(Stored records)
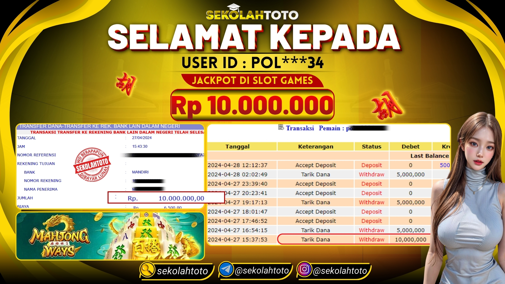 BUKTI JACKPOT SLOT GAMES 5 Mei 2024 Posted by kepsektoto Mahjong Ways Sabtu, 27 April 2024 RP. 10.000.000,- Selamat Kepada Pemenang. Salam JP, Sekolahtoto ! Updated: 5 Mei 2024 at 22:34 ◀ Prediksi Togel Toto Macau Hari Ini BUKTI JACKPOT SLOT GAMES ▶
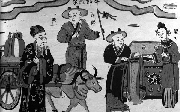 詩中的牛郎、織女分隔于天河兩岸,男的放牛,女的紡織,終日辛勤勞作,但因煩擾于彼此的無盡相思而收效不大,詩中可以使人隱約感覺到二人相望而不能相聚的幽怨之情。《詩經(jīng)》中這種隱隱約約的表達(dá)方式,就構(gòu)成了后世這一傳說的基礎(chǔ)。至《史記·天官書》中,便有了“織女,天女孫也”的說法。于是,在漢代的詩文中,就增加了故事的許多內(nèi)容,對女主人公因被迫分離而造成的痛苦的描寫更具體化了。如《古詩十九首》中的《迢迢牽牛星》詩:
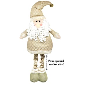 Características do Papai Noel em Pelúcia Dourado Luxo com Perna Expansível:
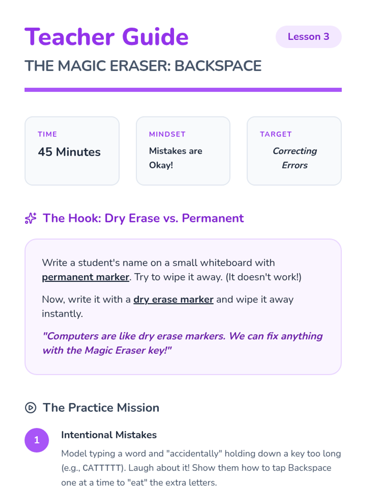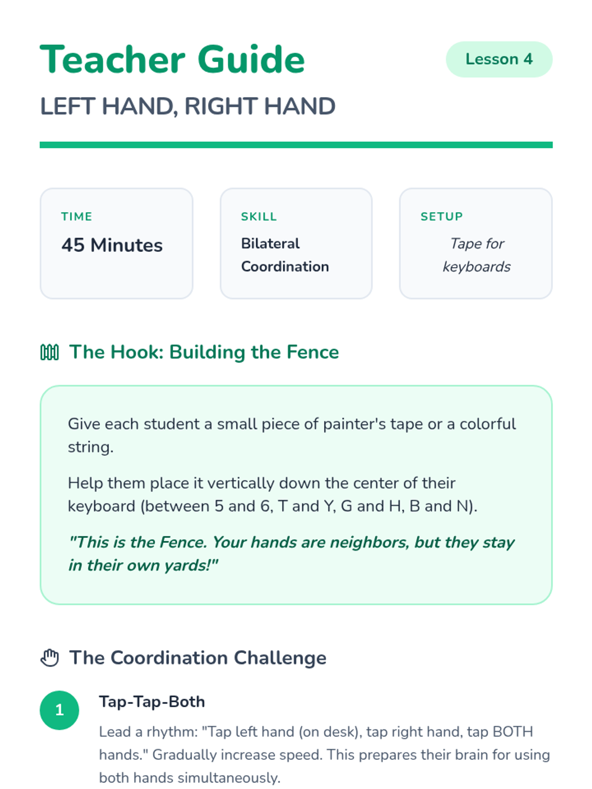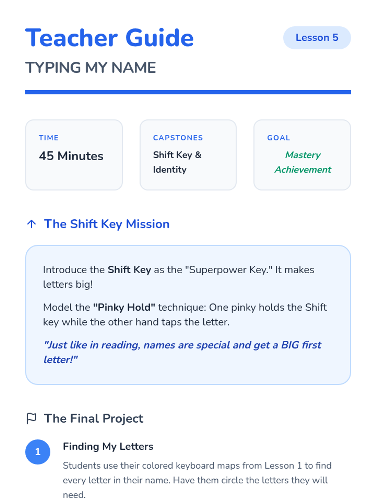 A foundational keyboarding sequence for 1st grade students, focusing on keyboard geography, special function keys, and basic hand positioning through a quest-themed adventure.
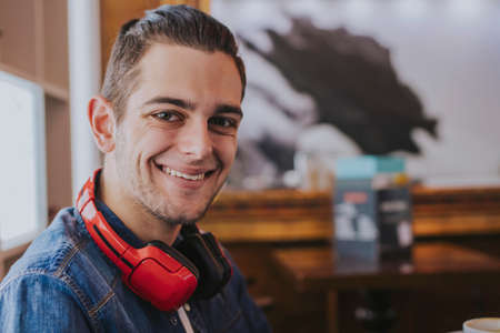 A young man in headphones listening to music and looking enjoyed

Work request: Pictures stay out; reproduce every line of the records exactly.

Answer to the exercise:
 BUKTI JACKPOT SLOT GAMES 5 Mei 2024 Posted by kepsektoto Mahjong Ways Sabtu, 27 April 2024 RP. 10.000.000,- Selamat Kepada Pemenang. Salam JP, Sekolahtoto ! Updated: 5 Mei 2024 at 22:34 ◀ Prediksi Togel Toto Macau Hari Ini BUKTI JACKPOT SLOT GAMES ▶
 詩中的牛郎、織女分隔于天河兩岸,男的放牛,女的紡織,終日辛勤勞作,但因煩擾于彼此的無盡相思而收效不大,詩中可以使人隱約感覺到二人相望而不能相聚的幽怨之情。《詩經(jīng)》中這種隱隱約約的表達(dá)方式,就構(gòu)成了后世這一傳說的基礎(chǔ)。至《史記·天官書》中,便有了“織女,天女孫也”的說法。于是,在漢代的詩文中,就增加了故事的許多內(nèi)容,對女主人公因被迫分離而造成的痛苦的描寫更具體化了。如《古詩十九首》中的《迢迢牽牛星》詩:
 Características do Papai Noel em Pelúcia Dourado Luxo com Perna Expansível:
 A foundational keyboarding sequence for 1st grade students, focusing on keyboard geography, special function keys, and basic hand positioning through a quest-themed adventure.
 A young man in headphones listening to music and looking enjoyed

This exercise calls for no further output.